チェックポイントが行われた後、pc1をshutdownしました。


以下がそのときのログになります。

[root @ master ft]# sc_watch -g pcc -t 1m -l ./replace.sh scored_dev
[20/Oct/2006,15:48:37] SC_WATCH (5.8.3) started.
[20/Oct/2006,15:48:37] Interval is set to 1 minutes.
[20/Oct/2006,15:48:37] Init. Action  = (none)
[20/Oct/2006,15:48:37] Local Action  = ./replace.sh
[20/Oct/2006,15:48:37] Remote Action = (none)
[20/Oct/2006,15:48:37] Abort action  = (none)

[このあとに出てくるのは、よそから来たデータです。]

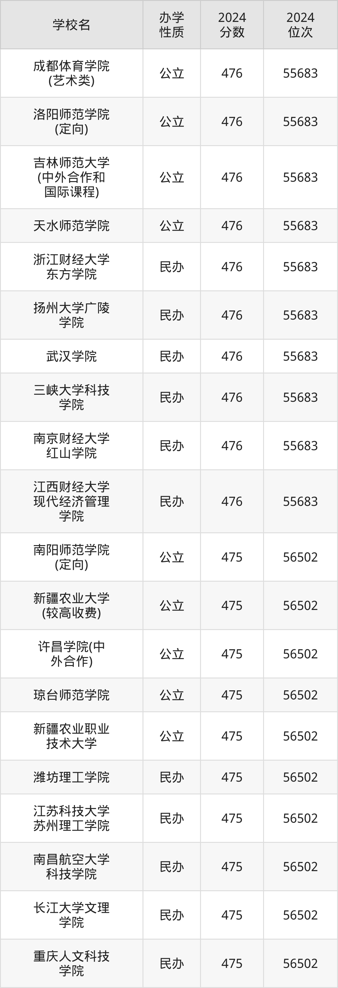 | 成都体育学院 (艺术类) | 476 | 55683 |

[20/Oct/2006,15:48:37] Boot Retry Max. = 10
[20/Oct/2006,15:48:37] Booting System: scored_dev
SCOUT: Spawning done.
20/Oct/2006 15:48:39 SYSLOG: /opt/score5.8.3/deploy/scored_dev
20/Oct/2006 15:48:39 SYSLOG: SCore-D 5.8.3 $Id: init.cc,v 1.74
2005/02/24 07:47:54 hori Exp $
20/Oct/2006 15:48:39 SYSLOG: Compile option(s): DEVELOPMENT ULT_DO_TRACE
SCORE_DO_TRACE
20/Oct/2006 15:48:39 SYSLOG: SCore-D network: myrinetxp/myrinetxp
20/Oct/2006 15:48:39 SYSLOG: Cluster[0]: (0..6)x2.i386-fedoracore3-
linux2_6.pentium4.2800
20/Oct/2006 15:48:39 SYSLOG:   Memory: 1010[MB], Swap: 1028[MB], Disk:
9845[MB]
20/Oct/2006 15:48:39 SYSLOG:   Network[0]: myrinetxp/myrinetxp
20/Oct/2006 15:48:39 SYSLOG:   Network[1]: ethernet/ethernet
20/Oct/2006 15:48:39 SYSLOG: Scheduler initiated: Timeslice = 200 [msec]
20/Oct/2006 15:48:39 SYSLOG:   Queue[0] activated, exclusive scheduling
20/Oct/2006 15:48:39 SYSLOG:   Queue[1] activated, time-sharing
scheduling
20/Oct/2006 15:48:39 SYSLOG:   Queue[2] activated, time-sharing
scheduling
20/Oct/2006 15:48:39 SYSLOG: Session ID: 0
20/Oct/2006 15:48:39 SYSLOG: Server Host: master.pccluster.org
20/Oct/2006 15:48:39 SYSLOG: Backup Host: pc3.pccluster.org @ 2
20/Oct/2006 15:48:39 SYSLOG: Backup file is lost but created.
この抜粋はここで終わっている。